Kennedy: Super Bowl flu is hard to shake

Sunday, February 6, 2011

My Super Bowl headache began last Tuesday as a pinpoint of pain between my eyes. By the time you read this on Sunday, the headache will be immense.

This is the price I pay for being a Pittsburgh Steelers fan. I call it the Super Sunday flu. When the Steelers are competing for a world championship, I'm a wreck.

As you may know, the Steelers are playing today in Super Bowl XLV vs. the Green Bay Packers. These are two of the most storied franchises in NFL history. The Steelers have won six Super Bowls, the guys from Wisconsin have won three. The Super Bowl trophy is named after the great Packers coach Vince Lombardi.

I study the Steelers 365 days a year. I have a Steeler Nation app on my iPhone. My Steelers caps -- I have three -- all have perspiration stains from year-round wear. I have a Steelers "skin" on my MacBook. The sight of Terrible Towels releases endorphins in my brain.

I have several good-luck rituals that I use during Super Bowl weeks.

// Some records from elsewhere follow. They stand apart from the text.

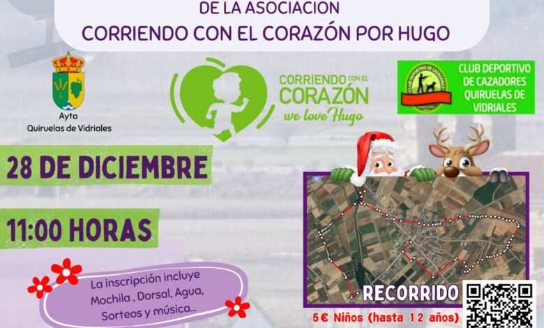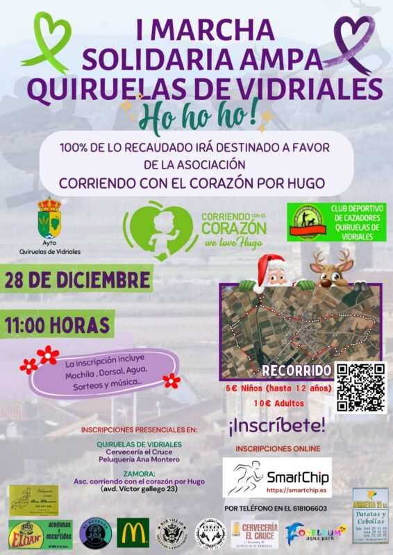 El próximo 28 de diciembre, a las 11:00 horas, Quiruelas de Vidriales acoge la I Marcha Solidaria organizada por la asociación de madres y padres de alumnos (AMPA), en colaboración con la asociación Corriendo con el Corazón por Hugo, así como el Ayuntamiento, el club deportivo de cazadores de Quiruelas y varias firmas comerciales.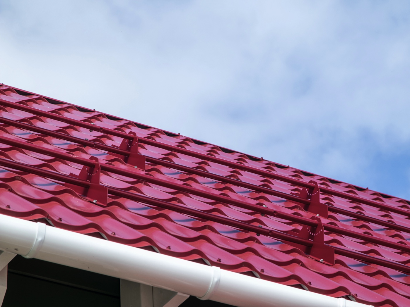 Одним из ключевых плюсов является исключительная долговечность — срок службы превышает 50 лет без потери свойств. Материал устойчив к экстремальным температурам от -60°C до +80°C, не боится града и сильного дождя. Экономия на монтаже достигается за счет крупного формата листов, а эстетическая привлекательность в цвете красного вина добавляет ценности недвижимости. Кроме того, покрытие не требует частого ухода, достаточно периодической очистки от листвы.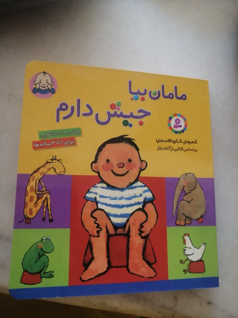 کتاب محکمیه.اما محتوای بخصوص. و اموزنده ای نداره ک بچه با پروسه توالت رفتن و کنار گذاشتن پوشک اشنا بشه. هر صفحه دوتا بیت شعر الکی داره فقط.

I believe in lucky numbers, charms and omens. Examples: The fact that I ate black-eyed peas for New Year's dinner and the Black Eyed Peas are playing at halftime of Super Bowl XLV is a good omen. Also, the fact that this is a year ending in 11 -- my lucky number -- is excellent.

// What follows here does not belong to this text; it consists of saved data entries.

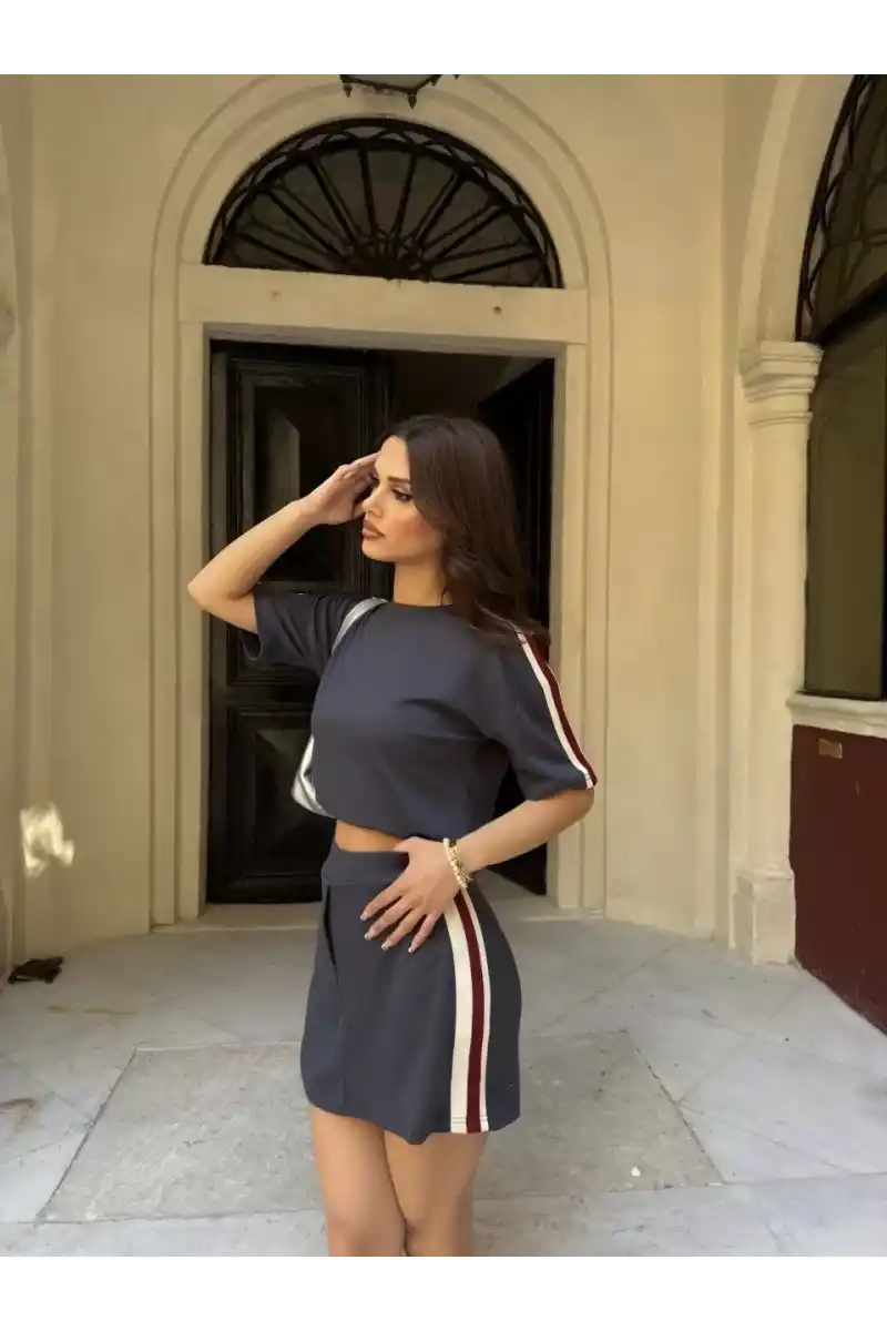Osy Modal yumuşak dokulu Kumaş Kadın Parçalı Bisiklet Yaka T-shirt Mini Şortlu Etek İkili Takım - Füme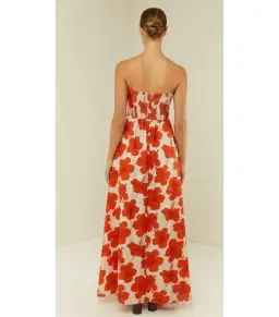 The Primrose Dress in Red Hibiscus is a strapless maxi dress, crafted from a premium Linen. Featuring a shirred elasticated back panel, fitted bodice and A-line skirt for a feminine finish. This dress comes with detachable adjustable straps.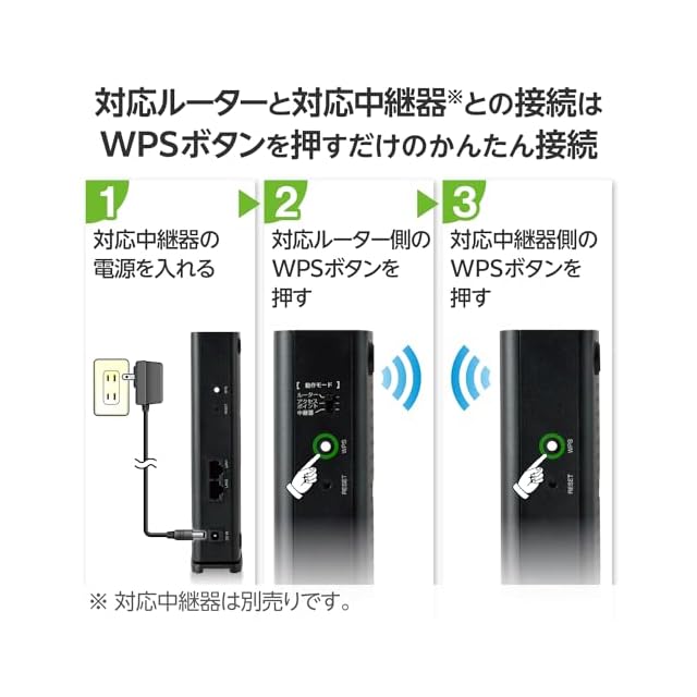アプリ不要で、WPSボタンを押すだけで別売りのEasyMesh対応中継器と繋がり、メッシュネットワークを構築することが可能です。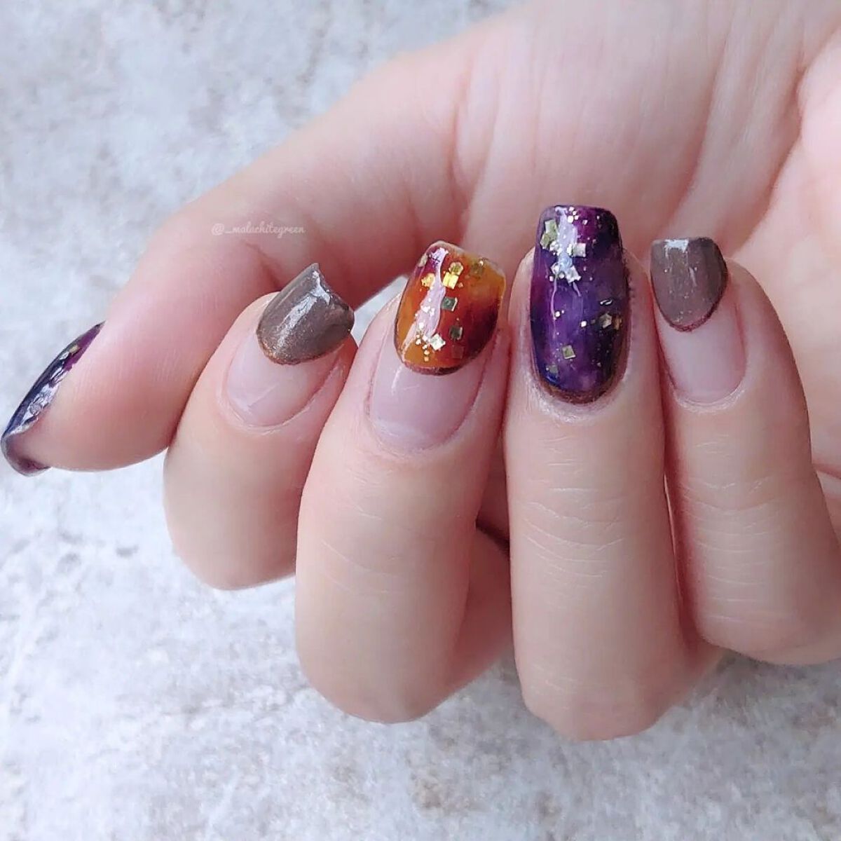 べっこう&紫べっこう今月もIGの紫式部会に参加するべくネイルしました。今月は紫鼈甲がテーマとのことで普通のべっこうの色の濃い部分に紫を使いたいな~と思っていたのですが…あれ?解釈違いだった??ってことに気付きまして、慌てて紫べっこう(っぽいもの)を追加しました。当初のイメージ通り、オレンジのべっこうの一番濃い部分は紫です。マンダリンシロップ→KAEDE&アナスイの紫→ラメ→マンゴーシロップ→アナスイ→ラメ。紫べっこうはアナスイ&バイナラクス→ラメ→ディープスカイ→ラメで作りました。全体を引き締めたくて、セピアフィルムで変形丸フレンチ(ってほど変形じゃないけど)のアウトラインと全面べっこうの根本ラインを描いています。<使ったもの>ColorClub・D271TroutOfThisWorld《マンダリンシロップ》・D273OverAchiever《KAEDE》・D281DeepFreeze《DeepSky》・D290ForceOfNature《SepiaFilm》・D240WishListCND・バイナラクス110DarkLavaANNASUI・ミニネイルカラーN204ORBIS・ベース&トップグロスコートスパークルゴールドORLY・タフクッキーSeche・セシェヴィートToneDrop・SpeedGloss

I don't mean to sound greedy, but if the Steelers win their seventh Super Bowl championship tonight, it will make my year.

Steeler fans are calling tonight's game "The Stairway to Seven," which adds to my nervousness. The last time the Steelers had a pregame motto, "One for the thumb in '81," it took 25 years to get that fifth ring.

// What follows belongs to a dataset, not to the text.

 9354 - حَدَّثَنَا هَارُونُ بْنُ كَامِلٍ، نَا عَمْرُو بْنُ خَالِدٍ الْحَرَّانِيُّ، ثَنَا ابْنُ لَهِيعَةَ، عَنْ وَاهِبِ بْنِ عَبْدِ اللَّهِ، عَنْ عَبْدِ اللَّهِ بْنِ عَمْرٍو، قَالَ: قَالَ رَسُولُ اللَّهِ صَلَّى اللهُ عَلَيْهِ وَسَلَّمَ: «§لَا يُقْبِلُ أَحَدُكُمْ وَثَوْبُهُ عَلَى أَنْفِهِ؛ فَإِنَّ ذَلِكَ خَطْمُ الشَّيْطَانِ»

In February 2006, when the Steelers franchise won its fifth Lombardi trophy after that long drought, I was anointed with a two-decades-old can of Iron City beer, which smelled like mud and tasted like burnt licorice. It was one of the happiest moments of my entire life.

This, I realize, is not how sane people should act. Football fanaticism, at this level, can start to unravel the edges of your mental health. But, looked at another way, it gives me a chance to vent some aggressions that most days are locked away inside my mild-mannered exterior.

Being a Steelers fan has its own idiosyncrasies. We draw energy from our aggressive, black-and-gold defense -- not our offense. One of our offensive players -- receiver Hines Ward, a former University of Georgia Bulldog -- actually thinks he plays defense. He once decleated an opposing player and broke his jaw with a blind-side block.

When Steeler linebacker James Harrison said sarcastically this week in Arlington, Texas, that he was planning to put pillows down to cushion the Packers he tackled, he was channeling Steeler greats Jack Lambert and Mean Joe Greene.

If you don't follow football, Harrison has been fined by the NFL several times this season for vicious (the league says, illegal) tackles. Steeler fans, by the thousands, sent him cash in the mail to help pay his fines. The money was later donated to charity.

As I write, the Packers are favored by a field goal. If that happens, a lot of people with plastic cheese on their heads will be dancing in the streets of Green Bay tonight.

On the other hand, if the stars are aligned properly, the Steelers will win the first overtime game in Super Bowl history.

When I glance at my watch after the game, it will be 11:11 p.m.

And I will have arrived in seventh heaven, indeed.